▶ **PROBLEM DETAILS**
Give the data again exactly, without images.

▶ **Dataset entries**
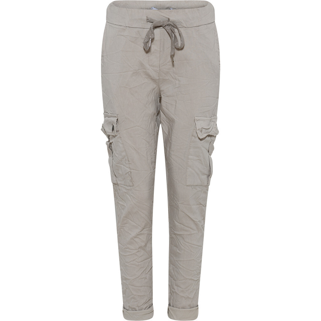 Kule cargo pants med knyting i livet. To vanlige skrålommer, og to store lommer på siden av lårene med knapp. Super deilige å ha på, og passer til alt.
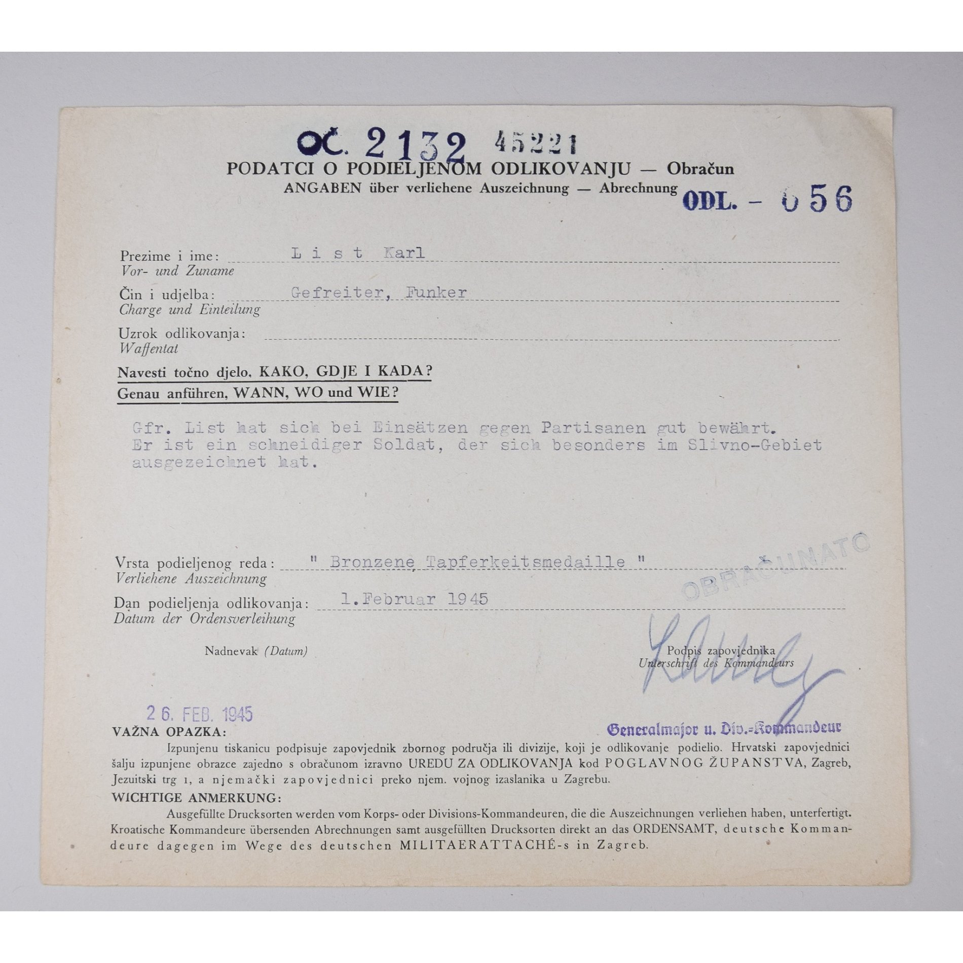 Urkunde Nachweis Verleihung der bronzenen Tapferkeitsmedaille Kampf gegen Partisanen im Slivno Gebiet
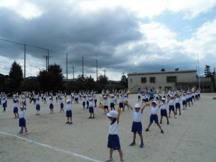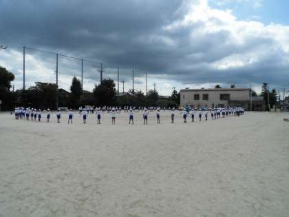 手に持ったペットボトルの音が、運動場に鳴り響いています。
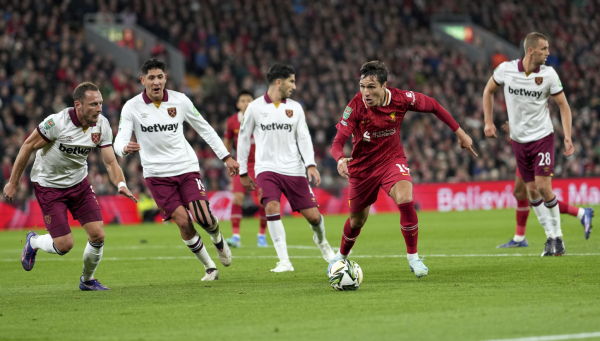 "Redsi" su na "Enfildu" ubedljivo savladali Vest Hem rezultatom 5:1, a dvostruki strelci bili su Diogo Žota i Kodi Gakpo.
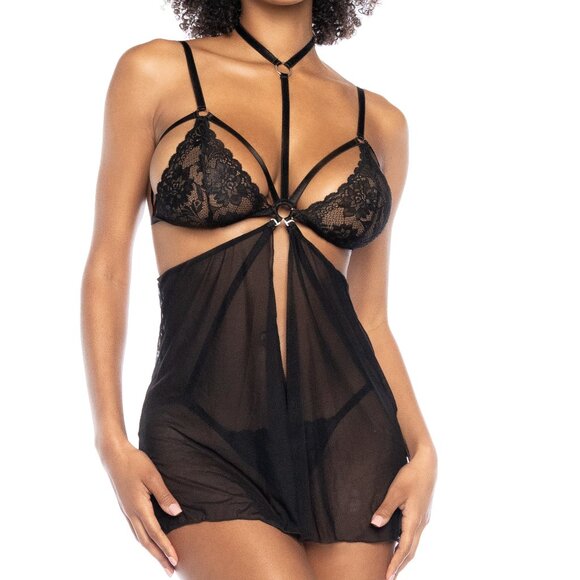 Lace teddy with a cutout cage design featuring criss-cross elastics over soft lace cups, adjustable straps, criss-cross underbust straps, an hook & eye back closure, an hook & eye crotch closure and a fully open back exposing the rear & Sheer mesh flyaway skirt with a hook at the top to attach/detach from the teddy.
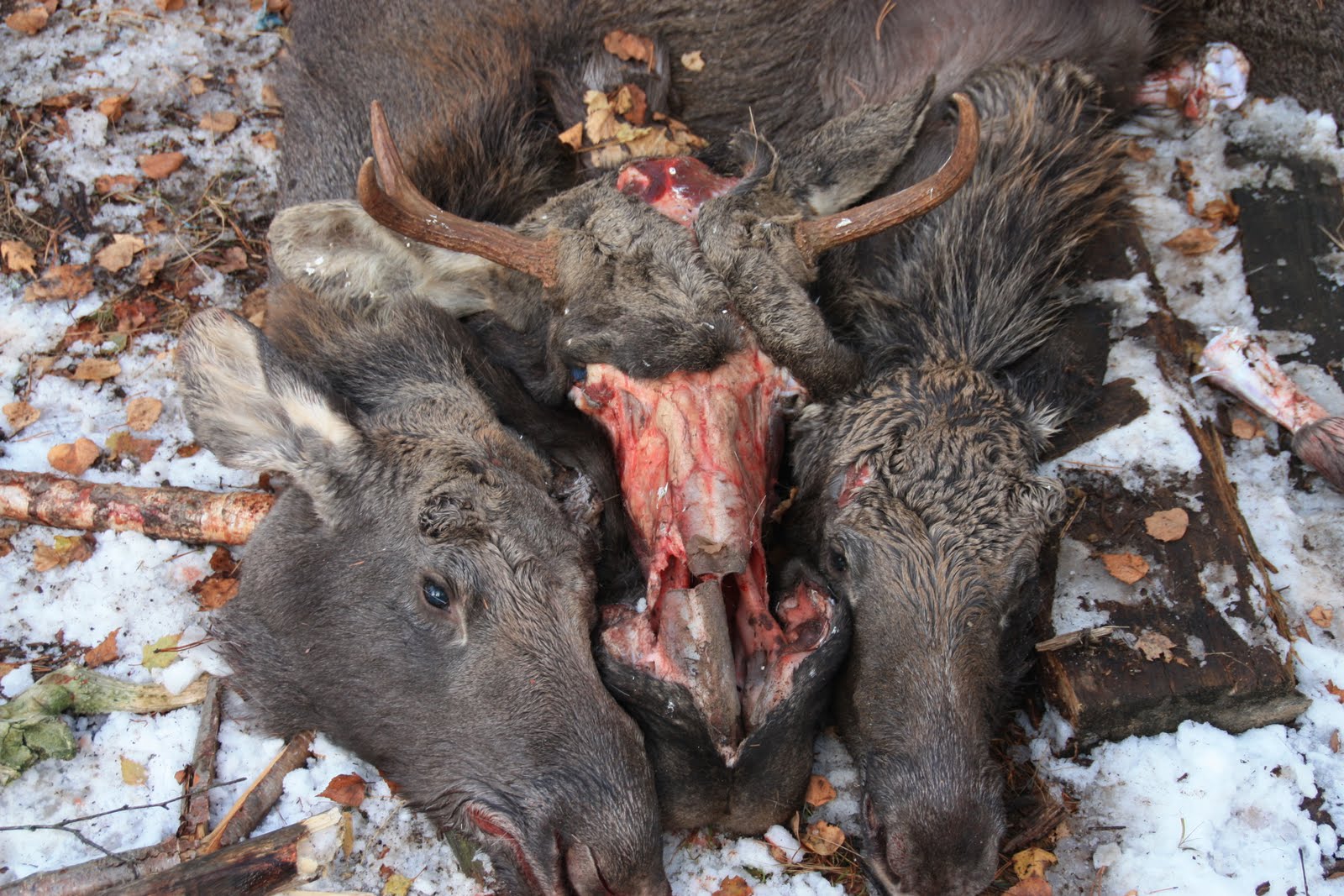 Lørdagen var stille inntil midt i andre drevet for dagen, da reiste Pluto iveg såpass langt at Jaktboss var sikker på elgkontakt. GPS’en avslørte retningen og etter få minutter smalt det. Emil hadde skutt på en kalv, og etter en liten gåtur frem til skuddplassen ble det snart rapportert om at den lå nede. Da ble det slakting:
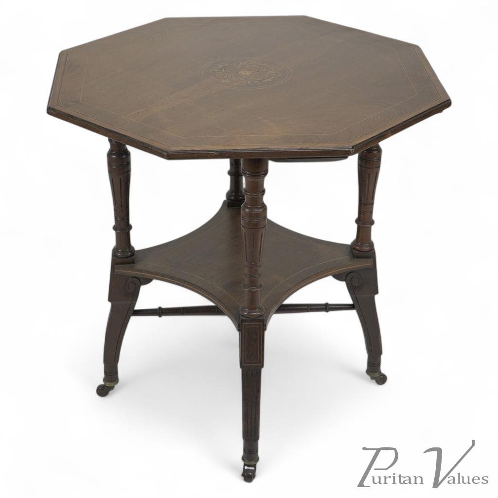 An Aesthetic Movement octagonal rosewood side table with fruitwood stylized inlays to the top and string inlay to the top shelf and legs, carved circular details to the legs, united by lower cross stretchers.
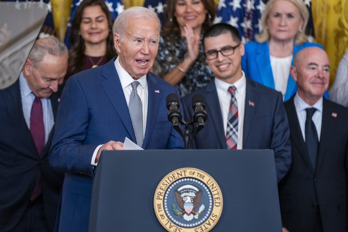 epa11421022 US President Joe Biden delivers remarks during the Deferred Action for Childhood Arrivals (DACA) 12th Anniversary event in the East room of the White House in Washington, DC, USA, 18 June 2024. President Biden announced his administration's program allowing undocumented immigrants married to US citizens to apply for legal residency. EPA/SHAWN THEW / POOL
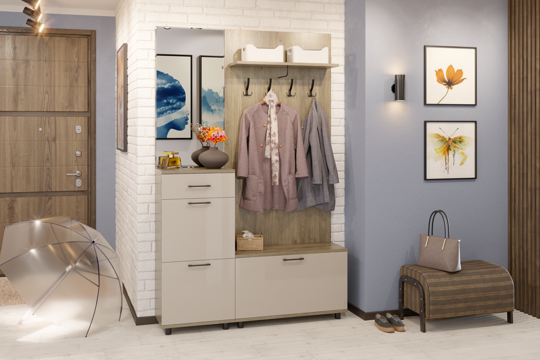 Модульная программа мебели для прихожих «Грэйс» представляет собой набор отдельных, самостоятельных секций, стилистически и функционально сочетающихся между собой: тумбы, комоды, зеркала, полки, антресоли и вместительная шкафная группа.
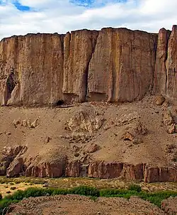 The canyon is made of ignimbrite,[1] among other volcanic rocks formed during the Jurassic period.[2] It was created through the erosion caused by the Pinturas River, which cut into the Chon Aike Formation to form the canyon.[2]
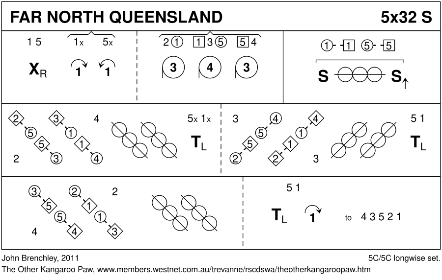 1- : 1c & 5c cross RH | cast inwards to midline BtoB with P (2c & 4c step out) ; 2c+1M & 1W+3c+5M & 5W+4c Circle L. On [8] 1c & 5c pull RSh back to face P on midline 9- : 1c & 5c set | ½ Reel4 | set advancing and pass P LSh to face 2cnrs 17- : ½ Reels4 on 2diag. On [20] 5c & 1s turn P LH to face 1cnrs[pos] ; ½ Reels4 on 1diag. On [24] 5c & 1c turn P LH to face 4cnrs[pos] 25- : ½ Reels4 on 2diag ; 5c & 1c turn P LH to own sides facing out | 5c & 1c cast off (3c & 2c up) (4,3,5,2,1)
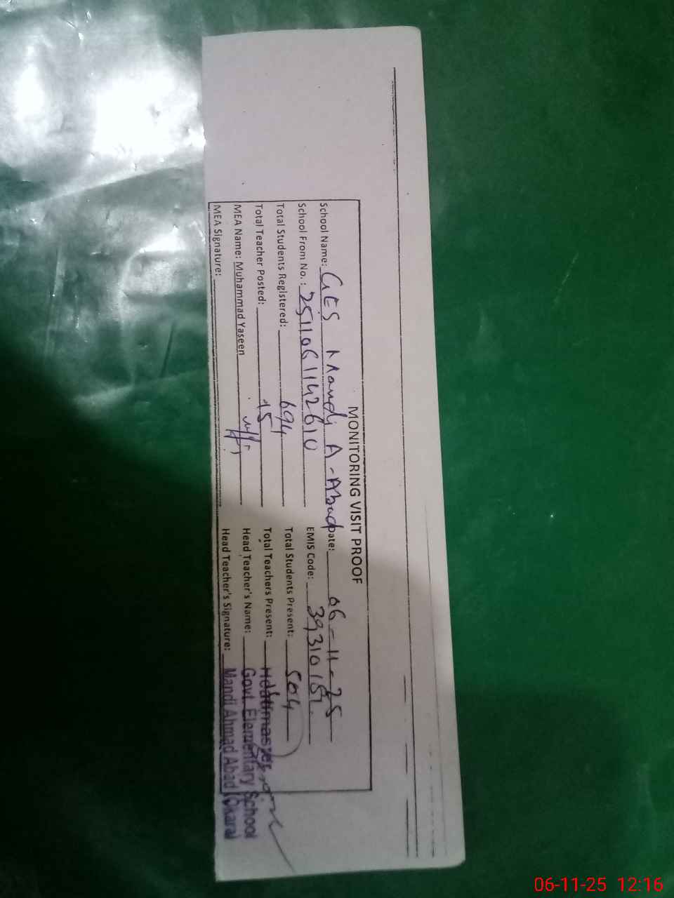 | EMIS Code: 39310181 | Name of School: GES MANDI AHMAD ABAD | |||
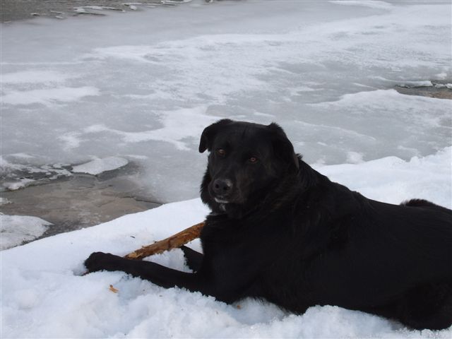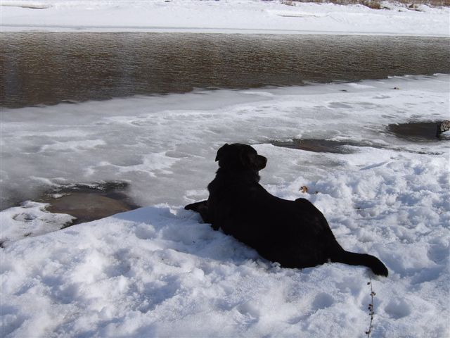 Here's a couple of pictures of Russo waiting for the ice to melt so he can go swimming
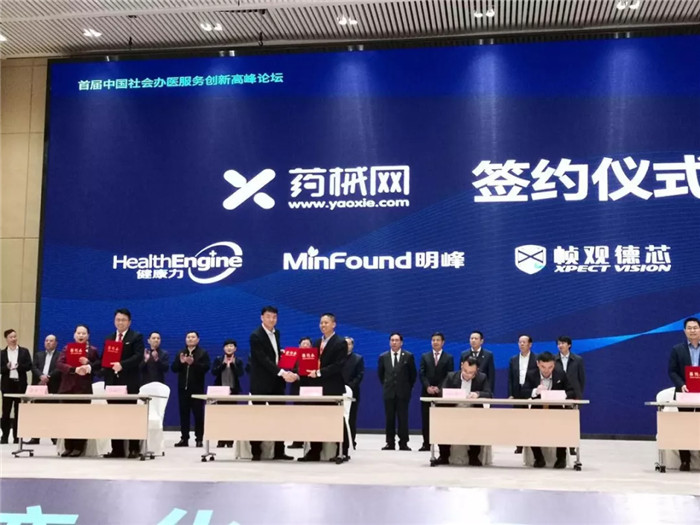 現(xiàn)場,在領導、嘉賓和客戶的見證下,明峰醫(yī)療、央企國宜盛世集團、華為云、順豐物流、廈門國際銀行、健康力、深圳幀觀德芯以及廈門中藥廠,各戰(zhàn)略合作客戶簽約代表分別與藥械網一一簽訂了戰(zhàn)略合作協(xié)議。
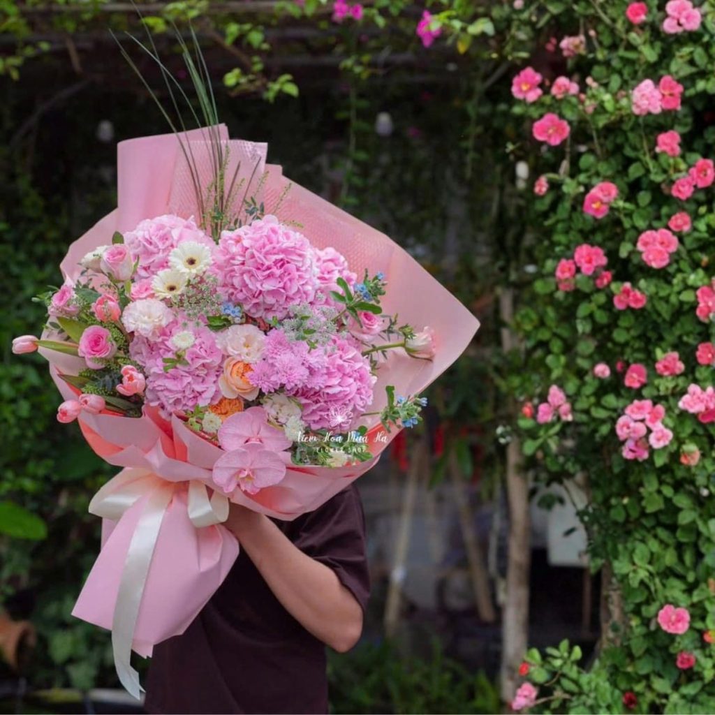 Tông hồng pastel là gam màu chủ đạo của Tri Kỷ, được dẫn dắt bởi những đóa hoa cẩm tú cầu tròn đầy, xếp lớp khéo léo tạo cảm giác vững vàng và bao dung. Xen giữa là hoa tulip với dáng thon mềm, mang lại nhịp điệu nhẹ cho tổng thể, giúp bó hoa không bị “đứng” hay nặng thị giác.

▶ **TASK SOLUTION**
 Kule cargo pants med knyting i livet. To vanlige skrålommer, og to store lommer på siden av lårene med knapp. Super deilige å ha på, og passer til alt.
 Urkunde Nachweis Verleihung der bronzenen Tapferkeitsmedaille Kampf gegen Partisanen im Slivno Gebiet
 手に持ったペットボトルの音が、運動場に鳴り響いています。
 "Redsi" su na "Enfildu" ubedljivo savladali Vest Hem rezultatom 5:1, a dvostruki strelci bili su Diogo Žota i Kodi Gakpo.
 Lace teddy with a cutout cage design featuring criss-cross elastics over soft lace cups, adjustable straps, criss-cross underbust straps, an hook & eye back closure, an hook & eye crotch closure and a fully open back exposing the rear & Sheer mesh flyaway skirt with a hook at the top to attach/detach from the teddy.
 Lørdagen var stille inntil midt i andre drevet for dagen, da reiste Pluto iveg såpass langt at Jaktboss var sikker på elgkontakt. GPS’en avslørte retningen og etter få minutter smalt det. Emil hadde skutt på en kalv, og etter en liten gåtur frem til skuddplassen ble det snart rapportert om at den lå nede. Da ble det slakting:
 An Aesthetic Movement octagonal rosewood side table with fruitwood stylized inlays to the top and string inlay to the top shelf and legs, carved circular details to the legs, united by lower cross stretchers.
 epa11421022 US President Joe Biden delivers remarks during the Deferred Action for Childhood Arrivals (DACA) 12th Anniversary event in the East room of the White House in Washington, DC, USA, 18 June 2024. President Biden announced his administration's program allowing undocumented immigrants married to US citizens to apply for legal residency. EPA/SHAWN THEW / POOL
 Модульная программа мебели для прихожих «Грэйс» представляет собой набор отдельных, самостоятельных секций, стилистически и функционально сочетающихся между собой: тумбы, комоды, зеркала, полки, антресоли и вместительная шкафная группа.
 The canyon is made of ignimbrite,[1] among other volcanic rocks formed during the Jurassic period.[2] It was created through the erosion caused by the Pinturas River, which cut into the Chon Aike Formation to form the canyon.[2]
 1- : 1c & 5c cross RH | cast inwards to midline BtoB with P (2c & 4c step out) ; 2c+1M & 1W+3c+5M & 5W+4c Circle L. On [8] 1c & 5c pull RSh back to face P on midline 9- : 1c & 5c set | ½ Reel4 | set advancing and pass P LSh to face 2cnrs 17- : ½ Reels4 on 2diag. On [20] 5c & 1s turn P LH to face 1cnrs[pos] ; ½ Reels4 on 1diag. On [24] 5c & 1c turn P LH to face 4cnrs[pos] 25- : ½ Reels4 on 2diag ; 5c & 1c turn P LH to own sides facing out | 5c & 1c cast off (3c & 2c up) (4,3,5,2,1)
 | EMIS Code: 39310181 | Name of School: GES MANDI AHMAD ABAD | |||
 Here's a couple of pictures of Russo waiting for the ice to melt so he can go swimming
 現(xiàn)場,在領導、嘉賓和客戶的見證下,明峰醫(yī)療、央企國宜盛世集團、華為云、順豐物流、廈門國際銀行、健康力、深圳幀觀德芯以及廈門中藥廠,各戰(zhàn)略合作客戶簽約代表分別與藥械網一一簽訂了戰(zhàn)略合作協(xié)議。
 Tông hồng pastel là gam màu chủ đạo của Tri Kỷ, được dẫn dắt bởi những đóa hoa cẩm tú cầu tròn đầy, xếp lớp khéo léo tạo cảm giác vững vàng và bao dung. Xen giữa là hoa tulip với dáng thon mềm, mang lại nhịp điệu nhẹ cho tổng thể, giúp bó hoa không bị “đứng” hay nặng thị giác.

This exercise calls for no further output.